23 gynécologues ukrainiennes ont posé leurs valises à Clermont-Ferrrand pour une semaine afin de suivre un stage au CICE, centre international de chirurgie endoscopique. Une parenthèse qui leur permet de continuer à pratiquer leur métier.
Les réflexes reviennent au fil des exercices. Ce jeudi 18 mai à Clermont-Ferrand, 23 gynécologues ukrainiennes ont retrouvé les gestes qui constituent leur métier et qu’elles n’ont plus réalisé depuis le début de la guerre.
Si elles sont en Auvergne pour une formation d'une semaine, ce séjour dépasse largement le cadre des apprentissages. Ces cinq jours intensifs sont aussi une parenthèse loin de l'enfer qu'elles ont quitté momentanément.
"Ça me permet de penser à autre chose qu'à la guerre, de pratiquer mon métier et d'oublier un peu la situation de mon pays” explique Anna Novosad, gynécologue à Kiev. "Ça m'aide surtout à me projeter, à penser à mon avenir professionnel en tant que docteur.”
Au programme de la matinée ce jour-là, une endométriose. L'opération se déroule au même moment à Naples en Italie, commentée par le chirurgien en personne et suivie à distance par une centaine d'ukrainiennes restées au pays.
Quand les chars sont arrivés à l'hôpital, les russes se sont positionnés devant l'entrée principale et ils ont pointé leur canon dans notre direction.
Inna Komisarova, gynécologue originaire de Boutcha
Dans l'amphithéâtre clermontois, elles sont 23. Inna Komisarova est originaire de Boutcha. Cette localité située au nord-ouest de Kiev a été le théâtre de quelques-unes des pires atrocités russes, suscitant l'indignation internationale début avril.
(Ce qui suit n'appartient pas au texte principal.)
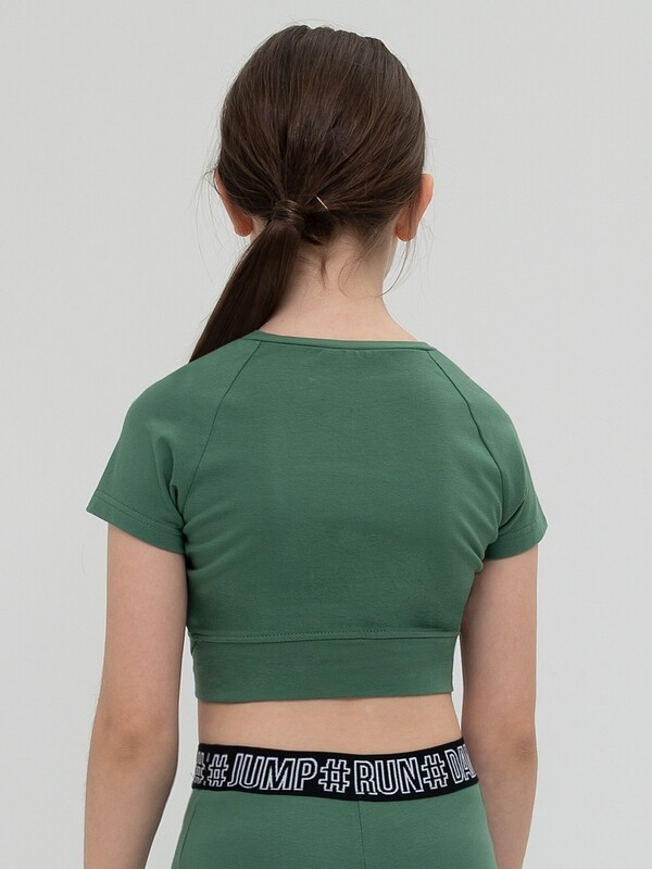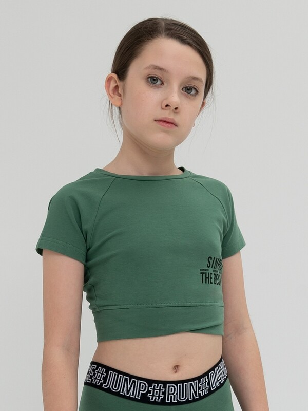 Спортивная укороченная футболка топ для девочки из натурального материала. Мягкий, эластичный, прочный, дышащий. Не теряет свойств после многочисленных стирок. Рукава реглан не сдерживают активные движения ребенка. А фигурная линия низа плотно, но мягко зафиксирует топ на месте и он не будет подниматься вверх. Небольшой, но заметный и стильный принт переводится как Просто лучшая, оставайся активной выделит юную модницу и придаст ей уверенности.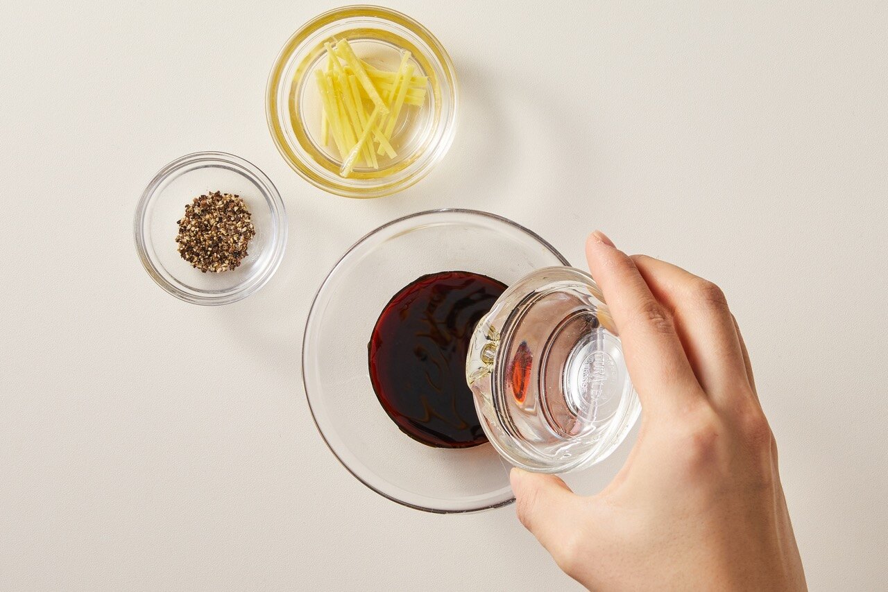 간장과 맛술, 청주, 후추 그리고 채 썬 생강을 골고루 섞어 양념장을 만들어 주세요.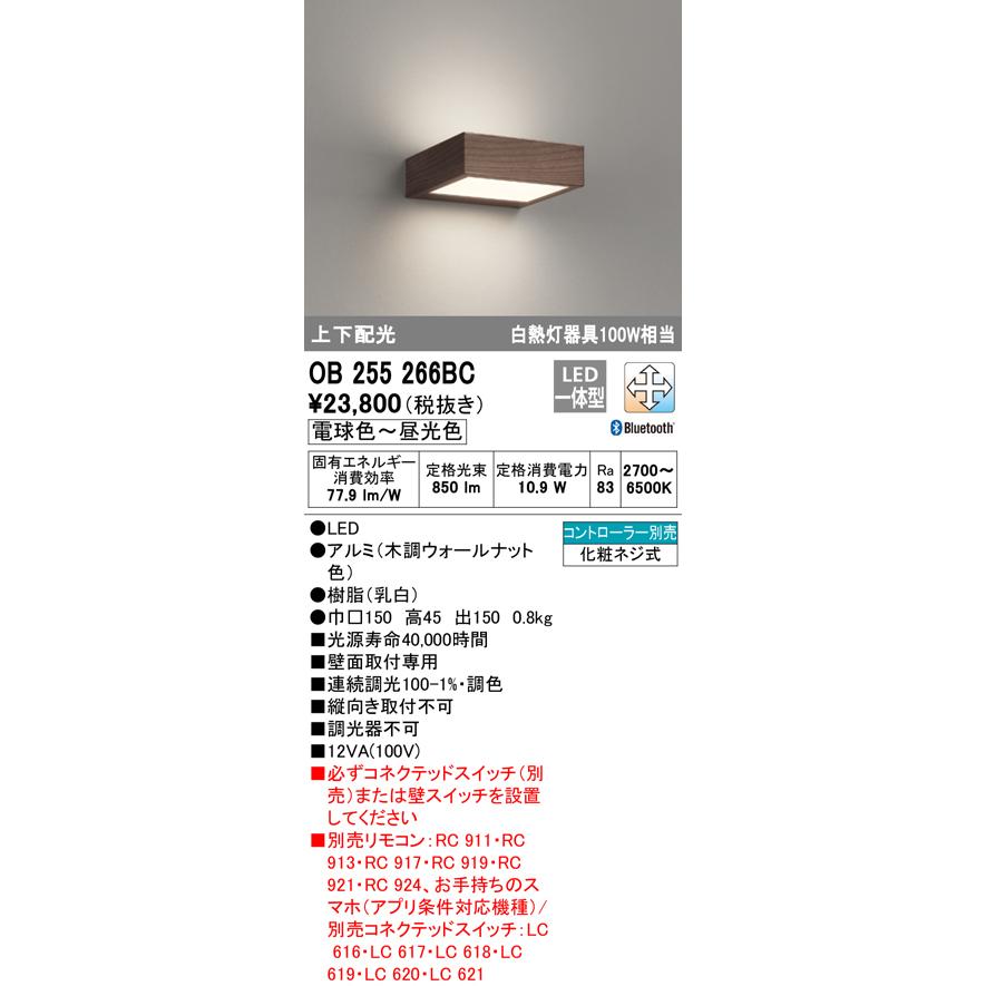 住宅用照明器具 オーデリック ブラケット OB255266BC 検索用カテゴリ6 【LED照明】 【調色】 【調光可】●導光方式が生み出す均一な面発光、空間に溶け込む薄型フォルム。上下配光型でハイパワーな光を提供する薄型ブラケットライト。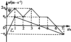 B、根据速度图象与坐标轴所围的“面积”表示物体的位移,t轴上方的“面积”表示位移是正值,t轴下方的“面积”表示位移是负值,则知在t=0到t=7s之间乙的位移为零.故B正确;
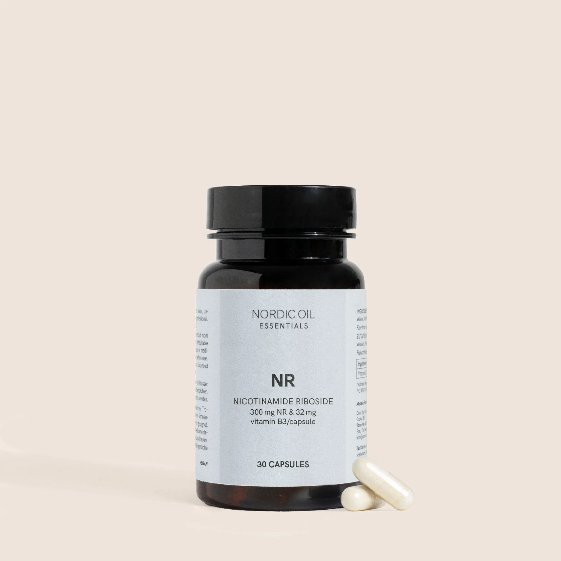 Nicotinamide Riboside (NR) Capsules from Nordic Oil provide 300 mg of NR and 32 mg of Vitamin B3 per capsule, offering a clean and research-inspired approach to daily vitality.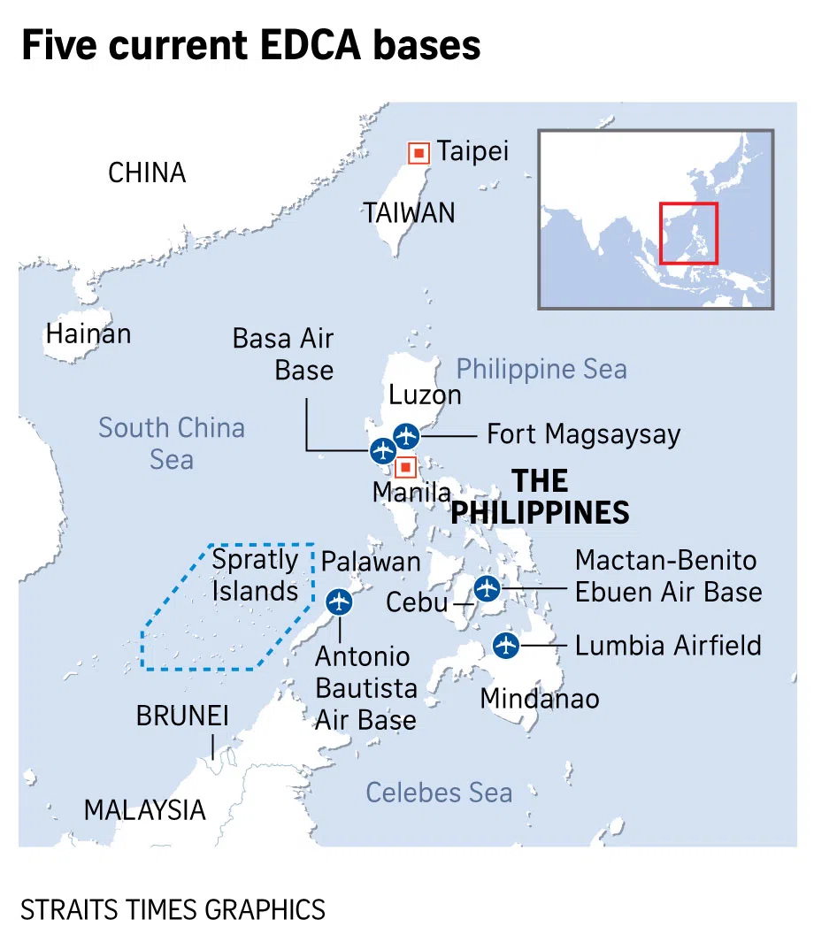 The two sides also decided to substantially complete projects at the five existing military sites, including another base in Palawan province, near the disputed sea. The US has allocated over US$82 million (S$108 million) towards infrastructure investments in the five sites.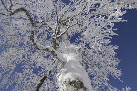 Snow-covered tree after heavy snowfall.
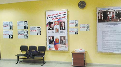 А как насчет агитации? «Зам-секретаря регионального политсовета партии «Единая Россия» Алексей Додатко, в свою очередь, заявил, что плакаты в гимназии висят законно: «Юристы подтверждают, что при наличии согласия руководителя учреждения или организации там может быть размещена любая политическая реклама». Понятно? Не на уроке же, не в классе. Значит – можно. Директор разрешила. То есть всем нельзя (в предвыборный период, кстати, проводить встречи кандидатов в депутаты в школах запрещает закон), а некоторым можно.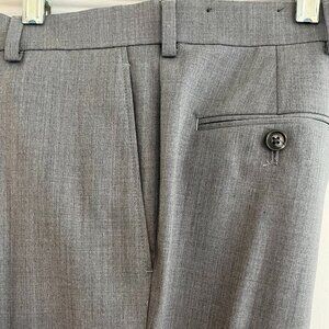 Classic, dress pants in brownish gray. Unlined. No size/materials tag. Waist laid flat, side to side is about 18 inches with inseam approx 35 inches. Very good condition.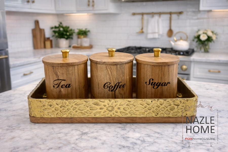 طقم سكريات صينية مع 3 علب خشب هندي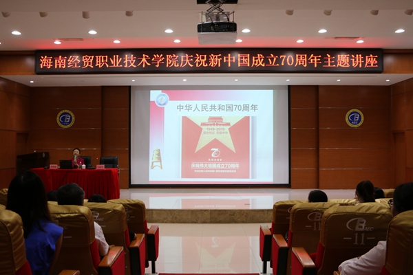 本院9月22日讯(beats365亚洲版官网 报道)2019年9月20日下午,北京师范大学beats365亚洲版官网副院长熊晓琳教授应邀来到海南经贸职业技术学院,为师生作题为《音乐作品中的家国情怀——庆祝中华人民共和国成立70周年》的专题报告。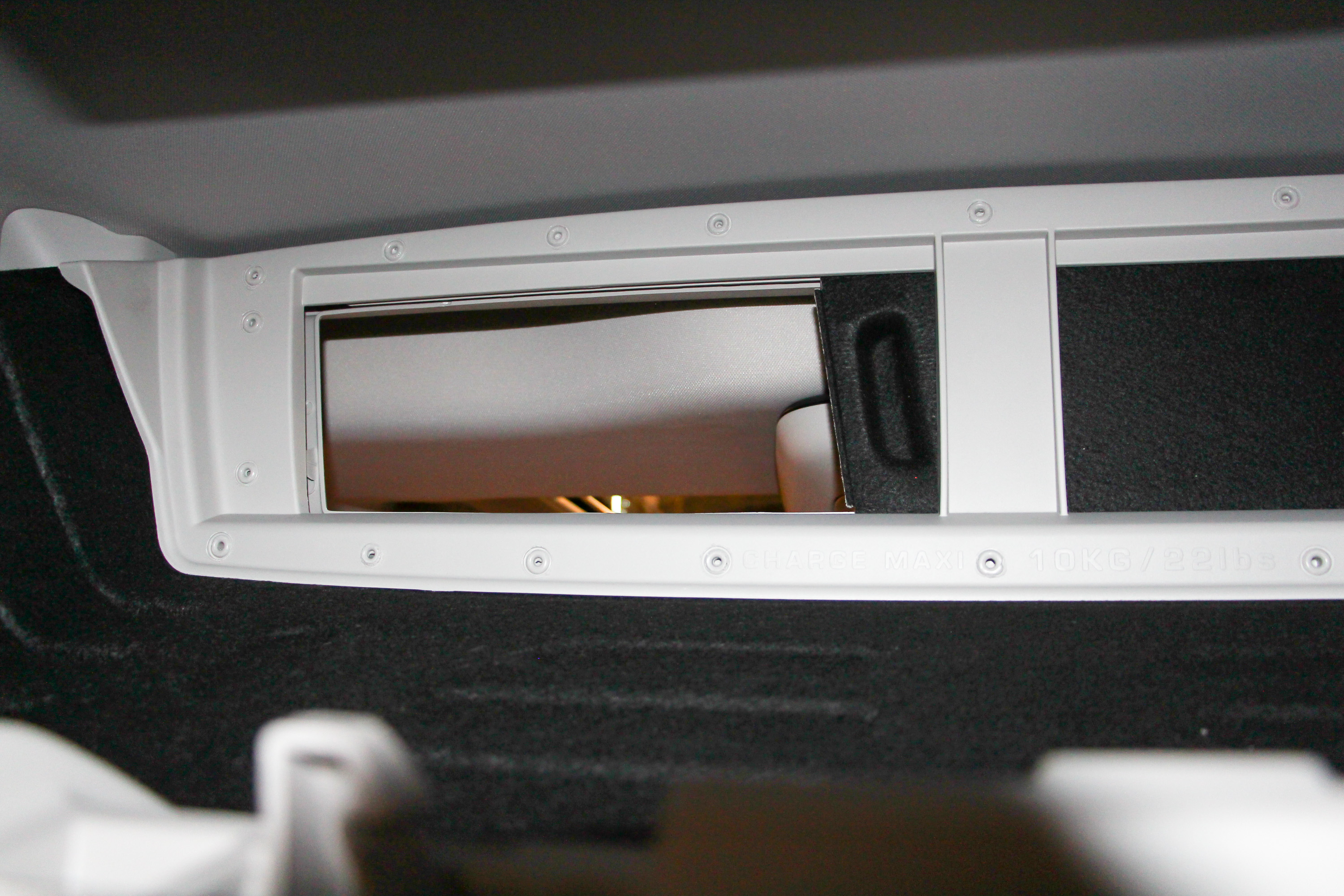 Szűk helyen pakoláshoz nyitható a hátsó ablak is, a tetőből lehajtható tároló az utastérből is elérhető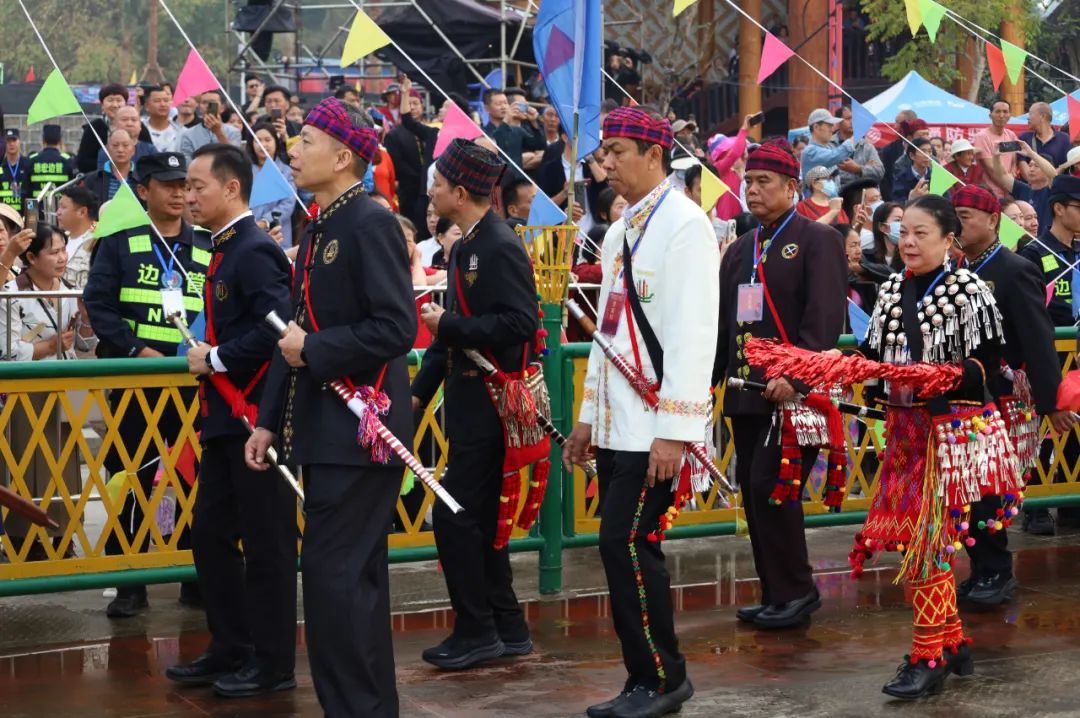 在2025年瑞丽市目瑙纵歌活动中,有一群特殊客人,他们来自邻邦缅甸,身着传统民族服饰,跟随“瑙双”“瑙巴”的领舞步伐,融入这片跨越国界的文化海洋。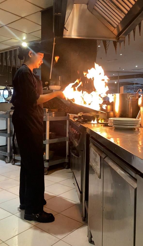 Selama pelaksanaan live cooking, mahasiswa magang melakukan berbagai tahapan kerja, mulai dari mise en place, persiapan peralatan dan bahan baku, proses memasak, hingga menjaga kebersihan dan kerapian area live cooking. Seluruh kegiatan tersebut dilakukan sesuai dengan standar operasional prosedur (SOP) Hotel Morazen Surabaya, termasuk penerapan hygiene sanitasi dan food safety yang menjadi prioritas utama dalam pelayanan makanan.

“Quand les chars sont arrivés à l'hôpital, les russes se sont positionnés devant l'entrée principale et ils ont pointé leur canon dans notre direction.” raconte-t-elle. “J'ai vu des cadavres dans les rues et les militaires nous interdisaient de les approcher. Nous n'avons pas pu les enterrer. Les Russes ont tué aussi des civils qui cherchaient à fuir la ville. Il y avait des familles décimées dans des voitures à l'arrêt.”
Je souhaiterais qu'elles puissent rentrer dans leur lieu d'activité habituel, malheureusement, ça ne sera pas le cas pour toutes parce que certains hôpitaux ont été détruits.
Professeur Revas Botchorishvili
Ironie de l'histoire, les échanges se font ici en russe entre les stagiaires et le directeur du centre Centre International de Chirurgie Endoscopique. Le professeur Revas Botchorishvili a quitté la Géorgie en 1993 après la chute du Mur. La guerre, il l’a vécue à distance en 2008 lorsque les Russes ont envahi son pays. Cette formation gratuite et solidaire, c'est un peu son effort de guerre pour l’Ukraine, pays où il s'est rendu une trentaine de fois en moins de 20 ans.
“Elles se projettent déjà dans l'après” constate-t-il. “Tout ce dont on discute ici, c'est pour l’appliquer après sur place.” Mais ça ne sera pas simple, et certainement pas immédiat. “Je souhaiterais qu'elles puissent rentrer dans leur lieu d'activité habituel, malheureusement, ça ne sera pas le cas pour toutes parce que certains hôpitaux ont été détruits. On sait aujourd'hui qu'il y a eu plus de 100 hôpitaux détruits, ils ont vraiment été ciblés, comme en Syrie.”
Face à cet avenir incertain, il y a pourtant toujours de l'espoir. Avant de repartir, les 23 stagiaires ont entonné ensemble "Oï ou louzi tchervona kalyna”, chant ukrainien devenu hymne de résistance face à l’invasion russe.